▼
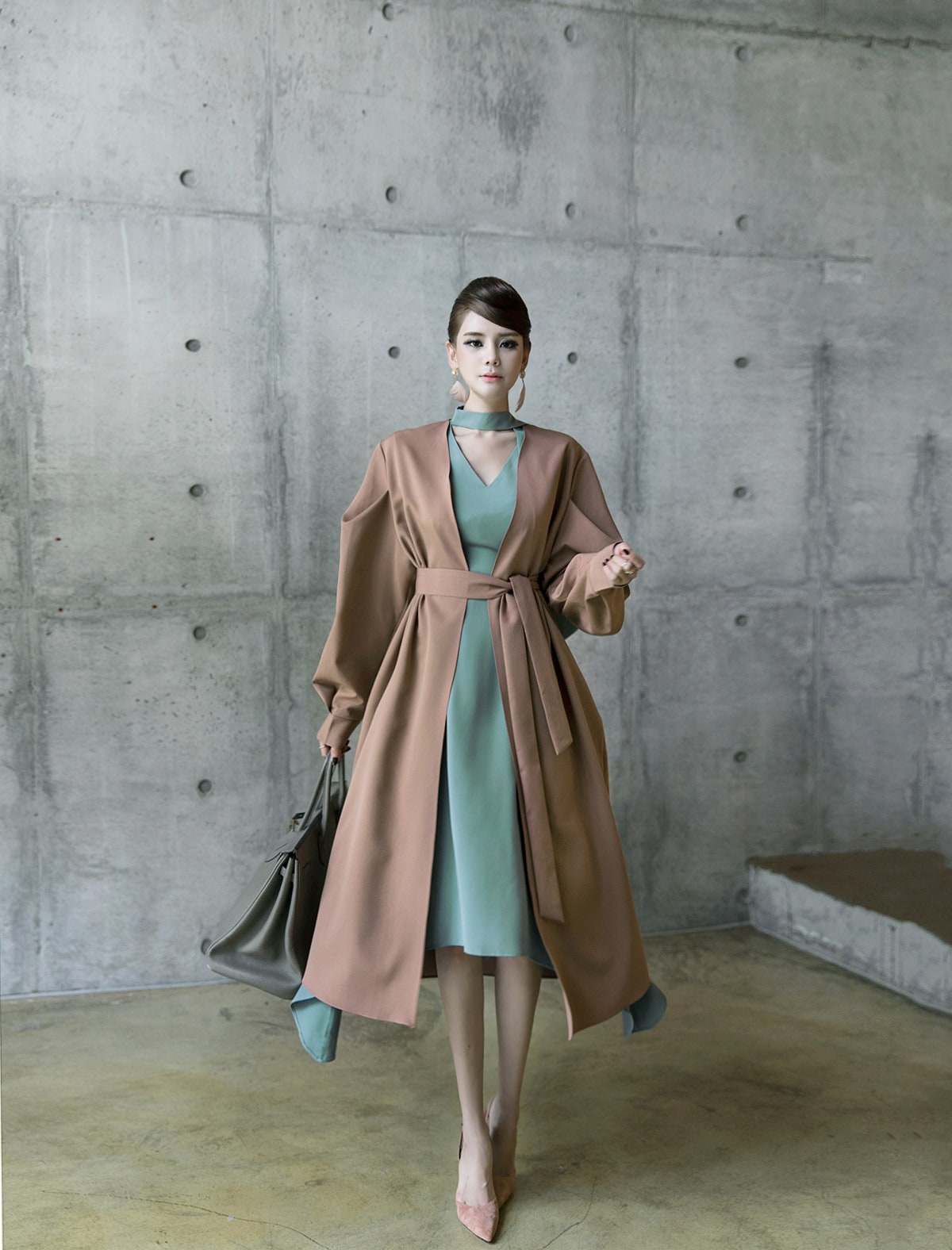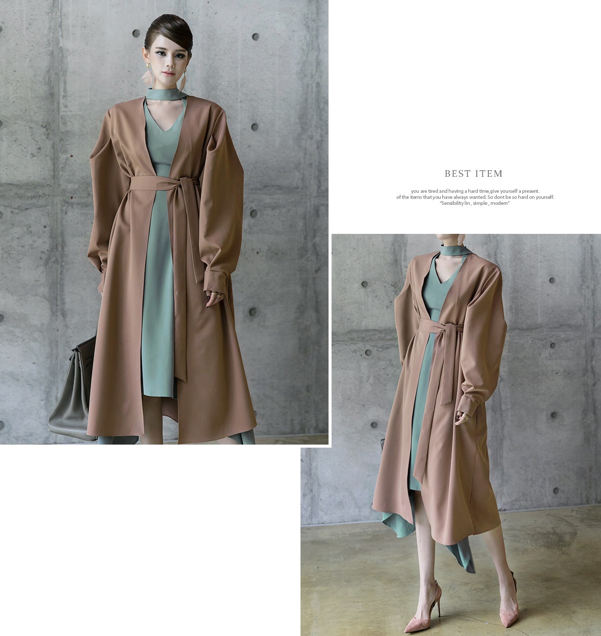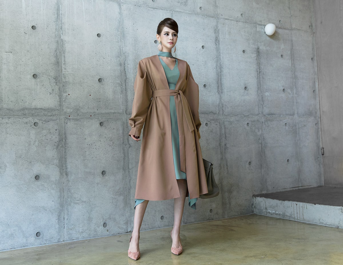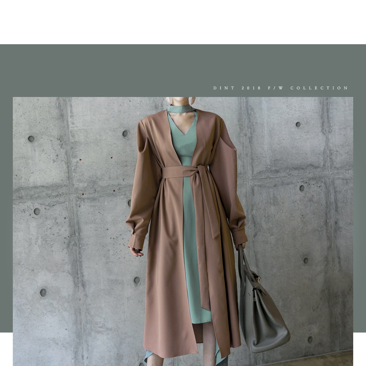 J-5017 네추럴 핀턱 롱 코트(벨트set) Brick
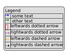 @startuml legend left Legend |<color:blue><size:18><&arrow-right></size></color> | some text| |<color:green><size:18><&arrow-right></size></color>| other text| |<color:red><size:18><U+2B38></size></color>|leftwards dotted arrow| |<color:purple><size:18><U+2911></size></color>|rightwards dotted arrow| |<color:orange><size:18><U+21E0></size></color>|leftwards dashed arrow| |<color:black><size:18><U+21E2></size></color>|rightwards dashed arrow| end legend @enduml
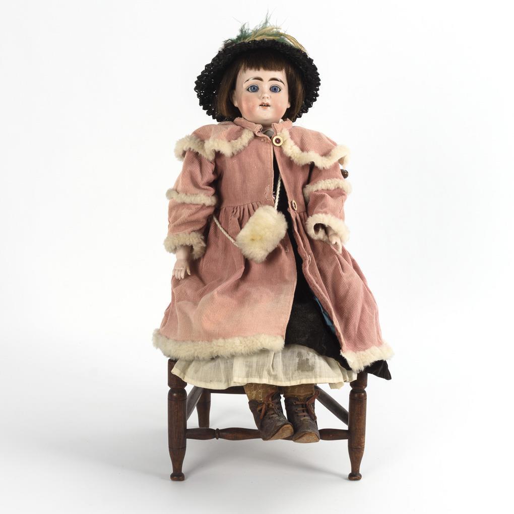 Chest head, blue sleeping eyes, brown human hair wig. Leather body with bisque forearms. Brown velvet dress, pink corduroy coat, black straw hat, brown leather shoes. Head x-rayed: without defects. Right hand restored.
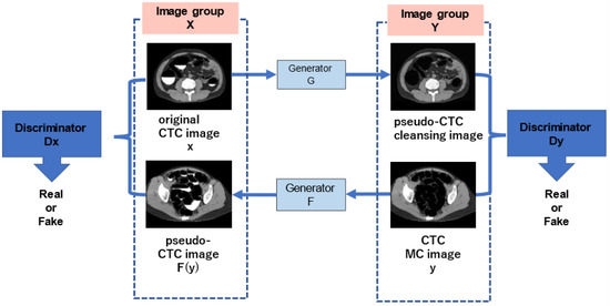 One problem with the cleansing process is that in cases of bad fecal tagging, the barium area is not correctly removed [13,14]. Bad fecal tagging signifies that the residue, residual liquid, and barium are nonuniformly mixed. In addition, a double layer phenomenon often occurs when only barium sinks, and unmixed intestinal fluid layer is formed on the surface. If the residue is badly tagged, the cleansing process becomes difficult and barium may remain in the same form as the lesion. In such cases, it may be difficult to distinguish barium from the lesion, and analysis and reading of the extracted lesion may take a long time. If the cleansing process is not available, it is necessary to disable this function for diagnosis, which complicates the reading of the lesion. To solve this problem, we focused on a domain transformation technique called a generative adversarial network (GAN) [15]. GANs were proposed by Goodfellow et al. in 2014 and are models that deepen learning by having two neural networks: one that generates images and another that determines whether the images are close to the real ones or compete with each other. By training features from the data, nonexistent data can be generated and transformed according to the features of the existing data. Various applications of GAN have been reported in the medical field [16,17,18]. Onishi et al. generated a large number of CT images of pulmonary nodules using GANs and used them as training data to discriminate between benign and malignant nodules [16]. Teramoto et al. generated high-resolution lung cell images using the progressive growth of GANs and improved the accuracy of differentiation between benign and malignant lung cancers [17]. Toda et al. generated CT images of lung nodules using Info GAN, which allows the control of image characteristics, and applied them to the histological classification of lung cancer [18]. In this study, we focused on CycleGAN [19], which is a derivative of GAN. CycleGAN is a method for realizing image transformation by learning the relationship between the fields or regions of two image data. CycleGAN can learn the relationship between two different images and obtain an image transformation algorithm without preparing a large number of paired images. Several applications of CycleGAN have been reported in the medical field. Hiasa et al. proposed a method to convert magnetic resonance head images into CT images and obtained good conversion results [20]. Zhou et al. proposed a method to remove noise from fluorodeoxyglucose positron emission tomography images and obtained good results in improving the positron emission tomography image quality at low doses [21]. However, no studies have been conducted to improve the above-mentioned problems of poor cleansing in clinical CTC examinations using CycleGAN [22]. If CycleGAN resolves the problems of double layer and uneven barium in CTC cleansing, the accuracy of CTC can be improved. Therefore, this study aimed to develop a cleansing process for CTC original images using CycleGAN, and its effectiveness was confirmed using actual clinical images.
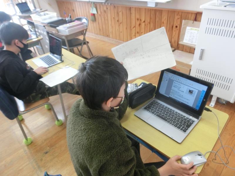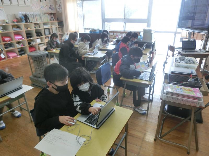 3年生は社会科「市の様子と人々のくらしの移り変わり」の学習をしていました。パソコンを使って「昔の道具」について調べたことをまとめた資料の準備をしていました。写真を入れたり、分かりやすい言葉にしたり、工夫した発表資料ができていました。明日が発表とのこと。がんばってください(^^)/
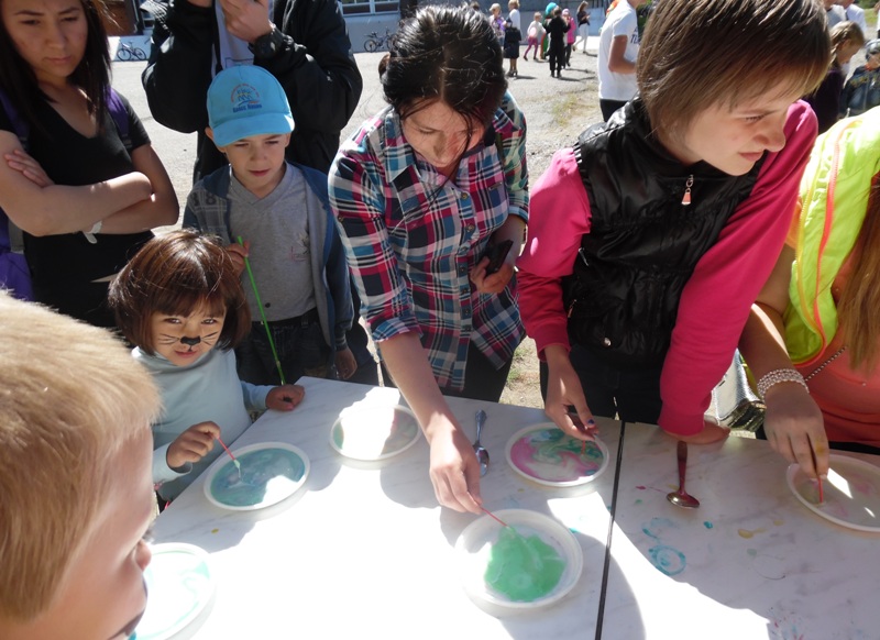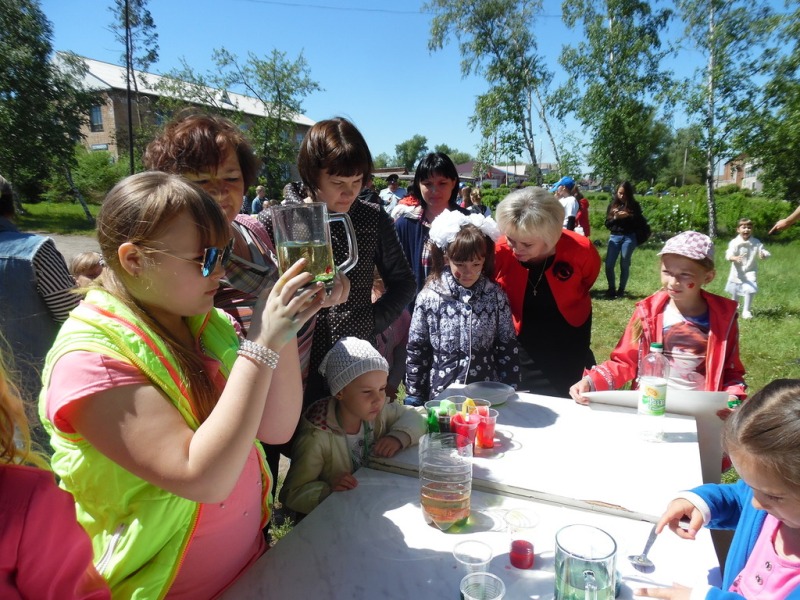 Программа праздника была очень обширная, работали игровые, познавательные, художественные и спортивные площадки. Детям были представлены интересные занимательные эксперименты с красками, которые превращались в фокусы. Юным художникам была предоставлена возможность нарисовать пальчиковыми красками неповторимые шедевры. Детский боди-арт подарил детям сказочное перевоплощение.
▲
*ABOUT THIS TASK*
Quote the records above exactly, leaving out any pictures.

*RESPONSE BELOW*
 J-5017 네추럴 핀턱 롱 코트(벨트set) Brick
 @startuml legend left Legend |<color:blue><size:18><&arrow-right></size></color> | some text| |<color:green><size:18><&arrow-right></size></color>| other text| |<color:red><size:18><U+2B38></size></color>|leftwards dotted arrow| |<color:purple><size:18><U+2911></size></color>|rightwards dotted arrow| |<color:orange><size:18><U+21E0></size></color>|leftwards dashed arrow| |<color:black><size:18><U+21E2></size></color>|rightwards dashed arrow| end legend @enduml
 Chest head, blue sleeping eyes, brown human hair wig. Leather body with bisque forearms. Brown velvet dress, pink corduroy coat, black straw hat, brown leather shoes. Head x-rayed: without defects. Right hand restored.
 One problem with the cleansing process is that in cases of bad fecal tagging, the barium area is not correctly removed [13,14]. Bad fecal tagging signifies that the residue, residual liquid, and barium are nonuniformly mixed. In addition, a double layer phenomenon often occurs when only barium sinks, and unmixed intestinal fluid layer is formed on the surface. If the residue is badly tagged, the cleansing process becomes difficult and barium may remain in the same form as the lesion. In such cases, it may be difficult to distinguish barium from the lesion, and analysis and reading of the extracted lesion may take a long time. If the cleansing process is not available, it is necessary to disable this function for diagnosis, which complicates the reading of the lesion. To solve this problem, we focused on a domain transformation technique called a generative adversarial network (GAN) [15]. GANs were proposed by Goodfellow et al. in 2014 and are models that deepen learning by having two neural networks: one that generates images and another that determines whether the images are close to the real ones or compete with each other. By training features from the data, nonexistent data can be generated and transformed according to the features of the existing data. Various applications of GAN have been reported in the medical field [16,17,18]. Onishi et al. generated a large number of CT images of pulmonary nodules using GANs and used them as training data to discriminate between benign and malignant nodules [16]. Teramoto et al. generated high-resolution lung cell images using the progressive growth of GANs and improved the accuracy of differentiation between benign and malignant lung cancers [17]. Toda et al. generated CT images of lung nodules using Info GAN, which allows the control of image characteristics, and applied them to the histological classification of lung cancer [18]. In this study, we focused on CycleGAN [19], which is a derivative of GAN. CycleGAN is a method for realizing image transformation by learning the relationship between the fields or regions of two image data. CycleGAN can learn the relationship between two different images and obtain an image transformation algorithm without preparing a large number of paired images. Several applications of CycleGAN have been reported in the medical field. Hiasa et al. proposed a method to convert magnetic resonance head images into CT images and obtained good conversion results [20]. Zhou et al. proposed a method to remove noise from fluorodeoxyglucose positron emission tomography images and obtained good results in improving the positron emission tomography image quality at low doses [21]. However, no studies have been conducted to improve the above-mentioned problems of poor cleansing in clinical CTC examinations using CycleGAN [22]. If CycleGAN resolves the problems of double layer and uneven barium in CTC cleansing, the accuracy of CTC can be improved. Therefore, this study aimed to develop a cleansing process for CTC original images using CycleGAN, and its effectiveness was confirmed using actual clinical images.
 3年生は社会科「市の様子と人々のくらしの移り変わり」の学習をしていました。パソコンを使って「昔の道具」について調べたことをまとめた資料の準備をしていました。写真を入れたり、分かりやすい言葉にしたり、工夫した発表資料ができていました。明日が発表とのこと。がんばってください(^^)/
 Программа праздника была очень обширная, работали игровые, познавательные, художественные и спортивные площадки. Детям были представлены интересные занимательные эксперименты с красками, которые превращались в фокусы. Юным художникам была предоставлена возможность нарисовать пальчиковыми красками неповторимые шедевры. Детский боди-арт подарил детям сказочное перевоплощение.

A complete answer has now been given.